# MLB Playoffs 2009



## RIP - VTEnviro (Oct 7, 2009)

It's that time of year again when all of us baseball nuts in the Northeast are gearing up for the playoffs.

Anyone catch the tiebreaker game last night? What a game! I thought both teams had that won several times. And it even came on at a reasonable hour so I could watch the whole thing.

Given the lack of pennant races this year, this was a good game to reel fans who's teams were out of it back in.

I got no dog in this fight, my poor Mets were done by Memorial Day. Just looking forward to some exciting games.

My picks for the first round: Phils, Cards, Yanks, Sox


----------



## Melanie11 (Oct 7, 2009)

I agree last nights game was one of the better games I've seen.

I am a die hard Yankees fan and my husband is a die hard Red Sox fan so the playoffs are always fun in our house!

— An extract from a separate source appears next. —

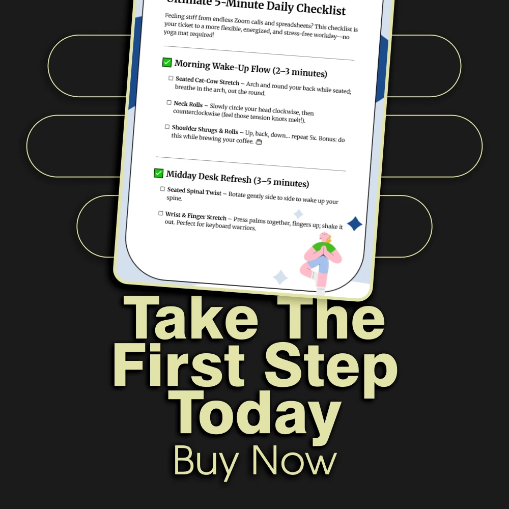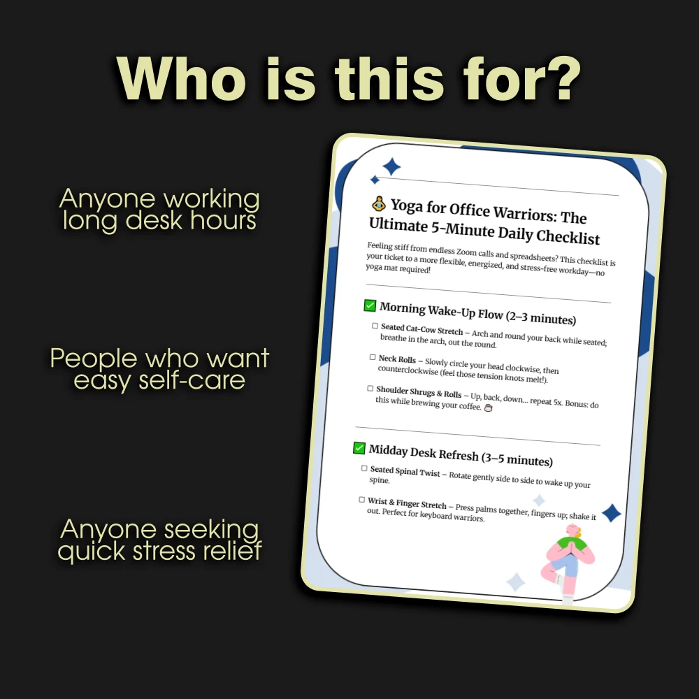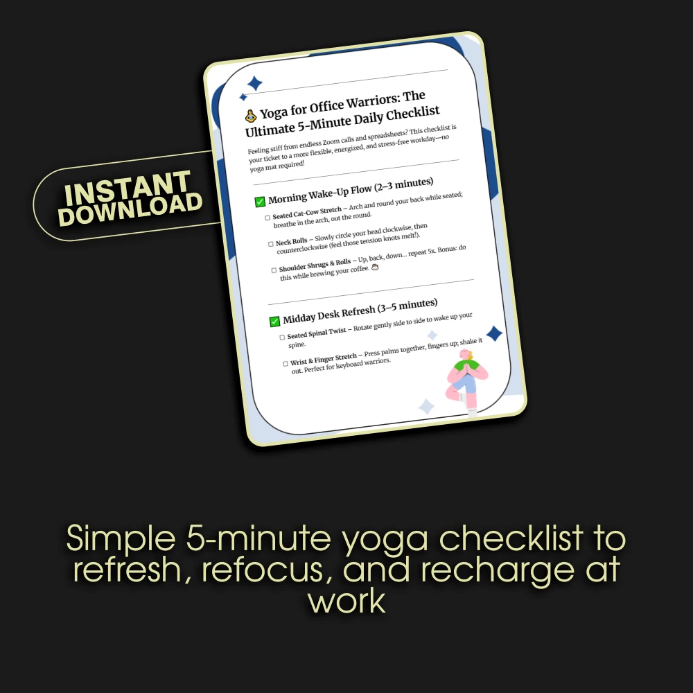 Don’t wait to feel better at work—download Yoga for Office Warriors: The Ultimate 5-Minute Daily Checklist now and transform your workday into a wellness ritual. Treat your body, fuel your focus, and embrace mindful movement—all in minutes a day. Your healthier, happier workday starts here!

I agree with your predictions except for the Sox. Although I know they played the Angels well during the regular season I think they haven't played great recently and I'm not sure they have what it takes to get past them in the first round. But I wouldn't be surprised if the stepped it up in the post season because they do that often!


----------



## RIP - VTEnviro (Oct 7, 2009)

Don't be fooled by the location, I'm no Sox fan either. They sputtered toward the end, but always seem to have the Angels number come playoff time.


----------



## MechGuy (Oct 7, 2009)

I'm still in mourning for the Tigers...no playoffs for me this year!


----------



## Dexman1349 (Oct 7, 2009)

MechGuy said:


> I'm still in mourning for the Tigers...no playoffs for me this year!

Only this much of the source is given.